─── Data provided

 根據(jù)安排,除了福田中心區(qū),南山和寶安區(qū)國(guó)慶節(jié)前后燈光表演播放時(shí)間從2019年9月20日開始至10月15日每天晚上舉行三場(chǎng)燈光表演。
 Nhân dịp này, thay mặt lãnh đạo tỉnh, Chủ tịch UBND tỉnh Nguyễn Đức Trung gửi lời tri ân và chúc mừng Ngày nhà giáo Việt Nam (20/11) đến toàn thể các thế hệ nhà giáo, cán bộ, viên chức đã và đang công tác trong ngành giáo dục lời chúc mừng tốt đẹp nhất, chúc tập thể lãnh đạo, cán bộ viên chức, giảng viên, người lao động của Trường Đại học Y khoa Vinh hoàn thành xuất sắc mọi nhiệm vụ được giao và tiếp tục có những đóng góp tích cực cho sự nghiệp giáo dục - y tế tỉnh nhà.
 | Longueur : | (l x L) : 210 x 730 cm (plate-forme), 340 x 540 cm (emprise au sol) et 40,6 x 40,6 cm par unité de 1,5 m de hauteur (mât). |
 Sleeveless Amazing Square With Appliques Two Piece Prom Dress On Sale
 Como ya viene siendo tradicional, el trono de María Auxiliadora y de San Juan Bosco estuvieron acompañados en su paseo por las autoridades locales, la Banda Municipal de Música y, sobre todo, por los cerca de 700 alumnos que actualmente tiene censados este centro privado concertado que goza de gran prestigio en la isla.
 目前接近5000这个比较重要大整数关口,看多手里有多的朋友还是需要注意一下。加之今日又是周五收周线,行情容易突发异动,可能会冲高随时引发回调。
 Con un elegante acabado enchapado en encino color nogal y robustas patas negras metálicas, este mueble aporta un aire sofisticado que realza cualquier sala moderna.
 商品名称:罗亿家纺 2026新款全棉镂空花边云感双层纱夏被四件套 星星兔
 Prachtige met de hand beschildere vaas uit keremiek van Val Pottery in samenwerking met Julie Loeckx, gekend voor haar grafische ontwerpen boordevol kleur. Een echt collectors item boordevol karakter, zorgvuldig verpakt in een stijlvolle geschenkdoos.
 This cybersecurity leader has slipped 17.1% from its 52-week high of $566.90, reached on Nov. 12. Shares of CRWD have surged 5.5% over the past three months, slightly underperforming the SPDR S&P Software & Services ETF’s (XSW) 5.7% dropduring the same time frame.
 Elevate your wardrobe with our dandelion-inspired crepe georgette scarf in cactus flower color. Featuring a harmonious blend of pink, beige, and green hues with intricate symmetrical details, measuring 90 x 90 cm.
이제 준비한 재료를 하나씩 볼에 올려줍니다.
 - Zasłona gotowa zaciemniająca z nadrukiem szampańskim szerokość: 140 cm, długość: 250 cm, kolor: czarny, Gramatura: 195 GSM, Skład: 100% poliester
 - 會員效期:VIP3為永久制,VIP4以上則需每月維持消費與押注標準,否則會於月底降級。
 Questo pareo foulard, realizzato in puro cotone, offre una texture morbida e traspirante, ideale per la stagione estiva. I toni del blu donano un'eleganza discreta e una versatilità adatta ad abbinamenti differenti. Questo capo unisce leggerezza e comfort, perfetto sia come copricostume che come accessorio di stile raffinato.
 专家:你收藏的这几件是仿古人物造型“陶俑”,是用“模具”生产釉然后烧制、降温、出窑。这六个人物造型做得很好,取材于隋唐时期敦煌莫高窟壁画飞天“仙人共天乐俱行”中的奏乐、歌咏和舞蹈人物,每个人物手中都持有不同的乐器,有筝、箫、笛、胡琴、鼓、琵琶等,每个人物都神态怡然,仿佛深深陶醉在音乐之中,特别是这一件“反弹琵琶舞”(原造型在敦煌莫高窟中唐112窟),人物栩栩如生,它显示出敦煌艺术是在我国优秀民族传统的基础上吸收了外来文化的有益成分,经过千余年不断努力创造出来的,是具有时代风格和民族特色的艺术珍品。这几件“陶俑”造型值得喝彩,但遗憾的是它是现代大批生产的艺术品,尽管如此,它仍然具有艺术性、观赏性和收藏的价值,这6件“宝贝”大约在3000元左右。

──────

*The task*. The answer should consist of all the lines above, retyped exactly.

*Written response*.
 根據(jù)安排,除了福田中心區(qū),南山和寶安區(qū)國(guó)慶節(jié)前后燈光表演播放時(shí)間從2019年9月20日開始至10月15日每天晚上舉行三場(chǎng)燈光表演。
 Nhân dịp này, thay mặt lãnh đạo tỉnh, Chủ tịch UBND tỉnh Nguyễn Đức Trung gửi lời tri ân và chúc mừng Ngày nhà giáo Việt Nam (20/11) đến toàn thể các thế hệ nhà giáo, cán bộ, viên chức đã và đang công tác trong ngành giáo dục lời chúc mừng tốt đẹp nhất, chúc tập thể lãnh đạo, cán bộ viên chức, giảng viên, người lao động của Trường Đại học Y khoa Vinh hoàn thành xuất sắc mọi nhiệm vụ được giao và tiếp tục có những đóng góp tích cực cho sự nghiệp giáo dục - y tế tỉnh nhà.
 | Longueur : | (l x L) : 210 x 730 cm (plate-forme), 340 x 540 cm (emprise au sol) et 40,6 x 40,6 cm par unité de 1,5 m de hauteur (mât). |
 Sleeveless Amazing Square With Appliques Two Piece Prom Dress On Sale
 Como ya viene siendo tradicional, el trono de María Auxiliadora y de San Juan Bosco estuvieron acompañados en su paseo por las autoridades locales, la Banda Municipal de Música y, sobre todo, por los cerca de 700 alumnos que actualmente tiene censados este centro privado concertado que goza de gran prestigio en la isla.
 目前接近5000这个比较重要大整数关口,看多手里有多的朋友还是需要注意一下。加之今日又是周五收周线,行情容易突发异动,可能会冲高随时引发回调。
 Con un elegante acabado enchapado en encino color nogal y robustas patas negras metálicas, este mueble aporta un aire sofisticado que realza cualquier sala moderna.
 商品名称:罗亿家纺 2026新款全棉镂空花边云感双层纱夏被四件套 星星兔
 Prachtige met de hand beschildere vaas uit keremiek van Val Pottery in samenwerking met Julie Loeckx, gekend voor haar grafische ontwerpen boordevol kleur. Een echt collectors item boordevol karakter, zorgvuldig verpakt in een stijlvolle geschenkdoos.
 This cybersecurity leader has slipped 17.1% from its 52-week high of $566.90, reached on Nov. 12. Shares of CRWD have surged 5.5% over the past three months, slightly underperforming the SPDR S&P Software & Services ETF’s (XSW) 5.7% dropduring the same time frame.
 Elevate your wardrobe with our dandelion-inspired crepe georgette scarf in cactus flower color. Featuring a harmonious blend of pink, beige, and green hues with intricate symmetrical details, measuring 90 x 90 cm.
이제 준비한 재료를 하나씩 볼에 올려줍니다.
 - Zasłona gotowa zaciemniająca z nadrukiem szampańskim szerokość: 140 cm, długość: 250 cm, kolor: czarny, Gramatura: 195 GSM, Skład: 100% poliester
 - 會員效期:VIP3為永久制,VIP4以上則需每月維持消費與押注標準,否則會於月底降級。
 Questo pareo foulard, realizzato in puro cotone, offre una texture morbida e traspirante, ideale per la stagione estiva. I toni del blu donano un'eleganza discreta e una versatilità adatta ad abbinamenti differenti. Questo capo unisce leggerezza e comfort, perfetto sia come copricostume che come accessorio di stile raffinato.
 专家:你收藏的这几件是仿古人物造型“陶俑”,是用“模具”生产釉然后烧制、降温、出窑。这六个人物造型做得很好,取材于隋唐时期敦煌莫高窟壁画飞天“仙人共天乐俱行”中的奏乐、歌咏和舞蹈人物,每个人物手中都持有不同的乐器,有筝、箫、笛、胡琴、鼓、琵琶等,每个人物都神态怡然,仿佛深深陶醉在音乐之中,特别是这一件“反弹琵琶舞”(原造型在敦煌莫高窟中唐112窟),人物栩栩如生,它显示出敦煌艺术是在我国优秀民族传统的基础上吸收了外来文化的有益成分,经过千余年不断努力创造出来的,是具有时代风格和民族特色的艺术珍品。这几件“陶俑”造型值得喝彩,但遗憾的是它是现代大批生产的艺术品,尽管如此,它仍然具有艺术性、观赏性和收藏的价值,这6件“宝贝”大约在3000元左右。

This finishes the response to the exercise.